ForexMinute.com — The gone weekend in the cryptocurrency market saw Bitcoin dipping further into the bearish channel after breaking below its previous in-term support line. Despite the overall downside volatility, the price action did presented us with some really attractive trades — just as we predicted in our previous intraday breakout strategy.
As you can see the 4H BitFinex chart above, we did get a strong reversal from the prevailing downside momentum. We, therefore, are now in process of serving 283.01 fiat as our in-term resistance level, while respecting 275.71 fiat as our in-term support level. As we can further check, the price is literally attempting to extend its bullish correction as of this moment, for it has its head above the in-term resistance line. We would soon be discussing the outcomes of this price action in the latter part of this article.

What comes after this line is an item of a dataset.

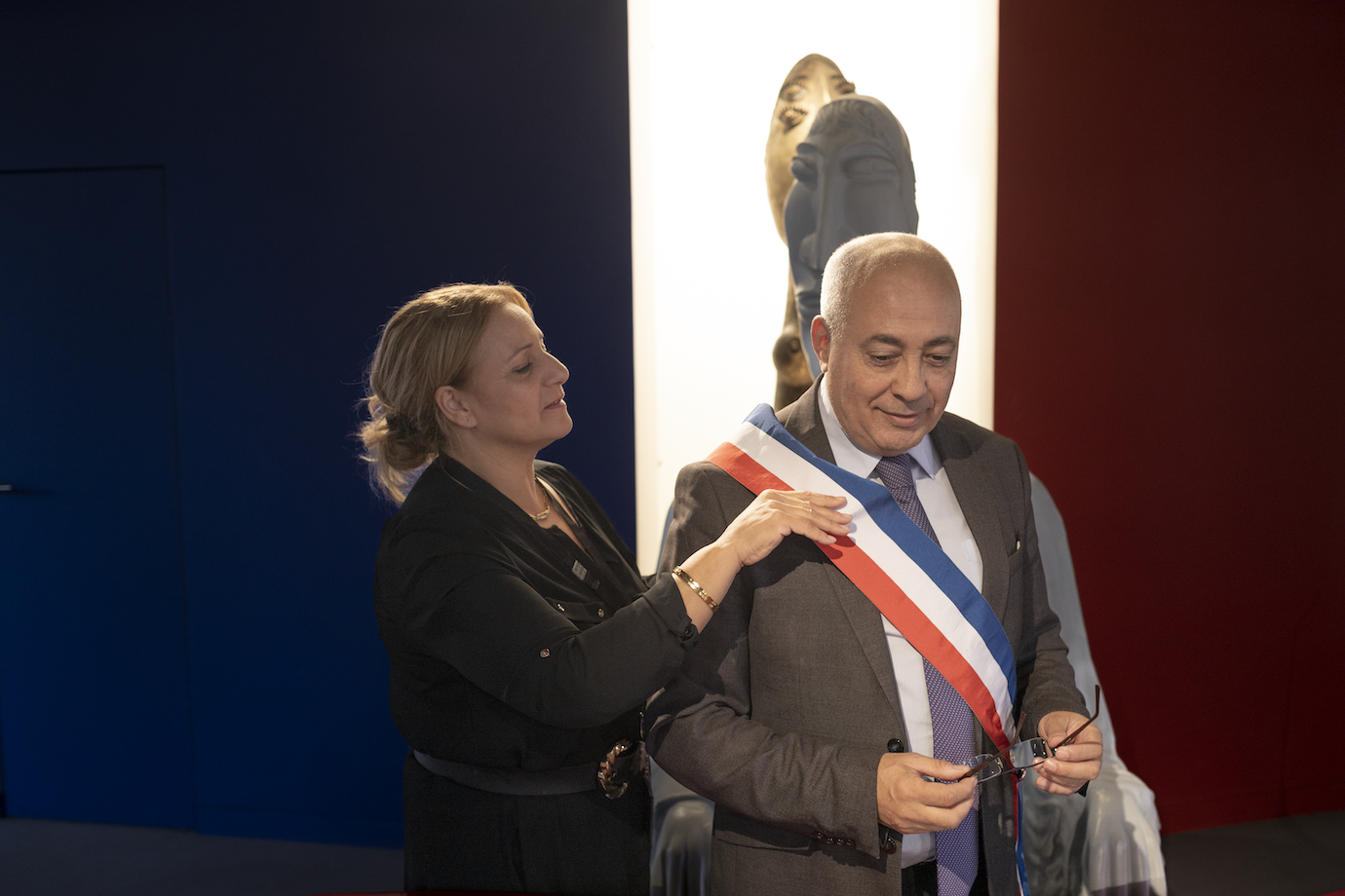 Abdel Sadi, 60 ans, est maire de Bobigny, préfecture de la Seine-Saint-Denis, depuis 2020. Une employée de la mairie réajuste ici son écharpe, alors qu’il s’apprête à célébrer un mariage. Les parents d’Abdel Sadi, algériens, sont arrivés en région parisienne à la fin des années 1950. À la différence de ses huit frères et sœurs qui ont tous vu le jour en Algérie, lui est né à Paris. Il a commencé à travailler à 17 ans comme animateur dans des centres de vacances, d’abord à Aubervilliers, puis à Bobigny qu’il ne quittera plus. Rapidement, il se retrouve à la tête du syndicat des animateurs de la ville qui tentent de défendre leur statut. Il est embauché au service jeunesse de la municipalité. Ce sympathisant communiste – mais jamais encarté –, au contact des jeunes Balbyniens, entre en politique ; il est élu municipal, d’abord comme adjoint à la Jeunesse. Après un premier échec, il est élu vice-président du Conseil départemental. Aux municipales de 2020, il est poussé par le Parti communiste pour récupérer la ville, qui lui a échappé pour la première fois depuis un siècle au profit d’une municipalité de centre droit (UDI) lors des élections précédentes, en 2014. © Frédéric Migeon - Hans Lucas / Grande commande photojournalisme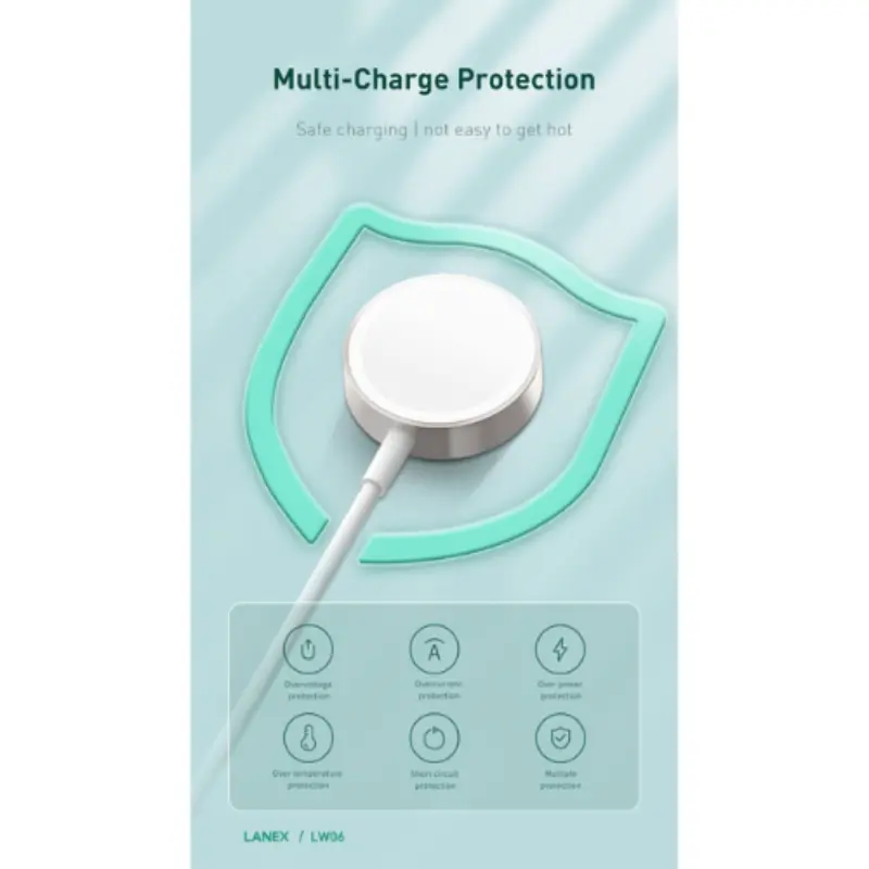 كابل مغناطيسي لساعة Lanex LW06 Type-C 3.5 وات 120 سم – أبيض

For now, it would be satisfactory to see that we are, in fact, getting some upside volatility (despite the occasional hiccups). Having said so, we will first be looking for Bitcoin to stay above the in-term resistance level, only to validate 284.33 fiat as our medium-term upside target, with further sights towards 286.13 fiat. On this trade, our stop loss would be near 281.39 fiat in order to ensure us a timely exit if the price correction doesn’t extend further.
Conversely, a run towards the in-term resistance level would have us put a short towards the said line. We would once again be looking to place a same trade towards 272.04 fiat if Bitcoin dips below 275.71 fiat. On the latter trade, our stop loss would be near 276.84 fiat.
Speaking further about technicalities, the Bitcoin price is well below its 50 and 100H SMAs, while testing the latter at press time. The 4H RSI, meanwhile, is sighting to cross above 50 upon recent buying signals. The MACD indicator although is maintaining its prevailing negative bias as of now. All these technical indicators point to a near-term bearish bias in the Bitcoin market.